Introduction to Statistical Analysis: Microsoft Excel 2013
There was no reason I shouldn’t have already written a book about statistical analysis using Excel. But I didn’t, although I knew I wanted to. Finally, I talked Pearson into letting me write it for them.
Be careful what you ask for. It’s been a struggle, but at last I’ve got it out of my system, and I want to start by talking here about the reasons for some of the choices I made in writing this book.
Using Excel for Statistical Analysis
The problem is that it’s a huge amount of material to cover in a book that’s supposed to be only 400 to 500 pages. The text used in the first statistics course I took was about 600 pages, and it was purely statistics, no Excel. In 2001, I co-authored a book about Excel (no statistics) that ran to 750 pages. To shoehorn statistics and Excel into 400 pages or so takes some picking and choosing.

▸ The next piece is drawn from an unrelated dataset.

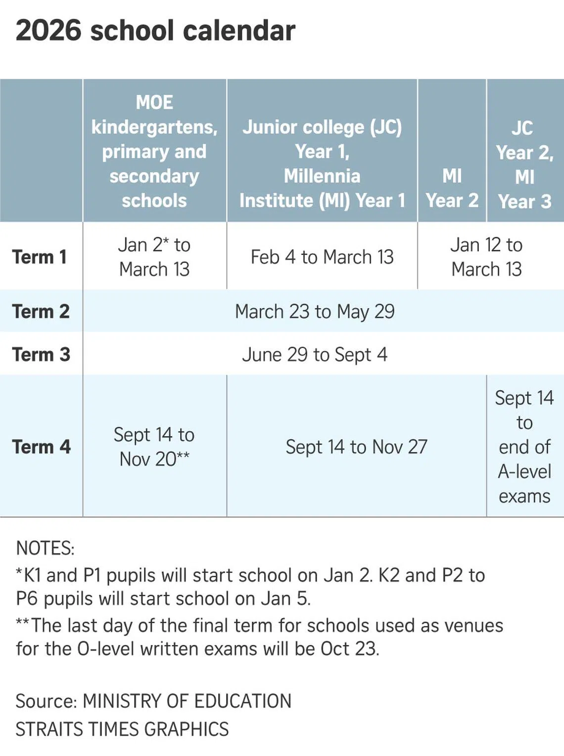 The school terms and holidays for 2026 are listed on MOE’s website at

Furthermore, I did not want this book to be an expanded Help document, like one or two others I’ve seen. Instead, I take an approach that seemed to work well in an earlier book of mine, Business Analysis with Excel. The idea in both that book and this one is to identify a topic in statistical (or business) analysis; discuss the topic’s rationale, its procedures, and associated issues; and only then get into how it’s carried out in Excel.

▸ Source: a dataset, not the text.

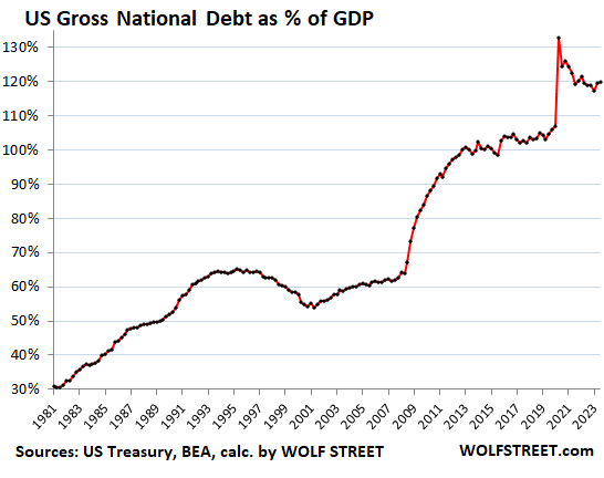 But in Q3, nominal GDP grew by 2.1% from the prior quarter (not annualized, not adjusted for inflation), while the debt grew by 3.5% over the same period (also not annualized, not adjusted for inflation). And so the burden of the debt grew. A similar thing happened in Q2.

You shouldn’t expect to find discussions of, say, the Weibull function or the lognormal distribution here. They have their uses, and Excel provides them as statistical functions, but my picking and choosing forced me to ignore them—at my peril, probably—and to use the space saved for material on more bread-and-butter topics such as statistical regression.
About You and About Excel
How much background in statistics do you need to get value from this book? My intention is that you need none. The book starts out with a discussion of different ways to measure things—by categories, such as models of cars, by ranks, such as first place through tenth, by numbers, such as degrees Fahrenheit—and how Excel handles those methods of measurement in its worksheets and its charts.
This book moves on to basic statistics, such as averages and ranges, and only then to intermediate statistical methods such as t-tests, multiple regression, and the analysis of covariance. The material assumes knowledge of nothing more complex than how to calculate an average. You do not need to have taken courses in statistics to use this book.

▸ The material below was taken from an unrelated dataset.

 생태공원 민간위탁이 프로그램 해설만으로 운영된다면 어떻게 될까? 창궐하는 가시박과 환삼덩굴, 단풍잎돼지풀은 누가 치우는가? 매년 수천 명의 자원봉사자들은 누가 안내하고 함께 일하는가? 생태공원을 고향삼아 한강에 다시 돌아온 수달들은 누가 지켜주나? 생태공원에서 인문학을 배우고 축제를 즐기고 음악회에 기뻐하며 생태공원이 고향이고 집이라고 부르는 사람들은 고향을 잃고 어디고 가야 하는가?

As to Excel itself, it matters little whether you’re using Excel 97, Excel 2013, or any version in between. Very little statistical functionality changed between Excel 97 and Excel 2003. The few changes that did occur had to do primarily with how functions behaved when the user stress-tested them using extreme values or in very unlikely situations.
The Ribbon showed up in Excel 2007 and is still with us in Excel 2013. But nearly all statistical analysis in Excel takes place in worksheet functions—very little is menu driven—and there was almost no change to the function list, function names, or their arguments between Excel 97 and Excel 2007. The Ribbon does introduce a few differences, such as how to get a trendline into a chart. This book discusses the differences in the steps you take using the traditional menu structure and the steps you take using the Ribbon.
In Excel 2010, several apparently new statistical functions appeared, but the differences were more apparent than real. For example, through Excel 2007, the two functions that calculate standard deviations are STDEV() and STDEVP(). If you are working with a sample of values, you should use STDEV(), but if you happen to be working with a full population, you should use STDEVP(). Of course, the P stands for population.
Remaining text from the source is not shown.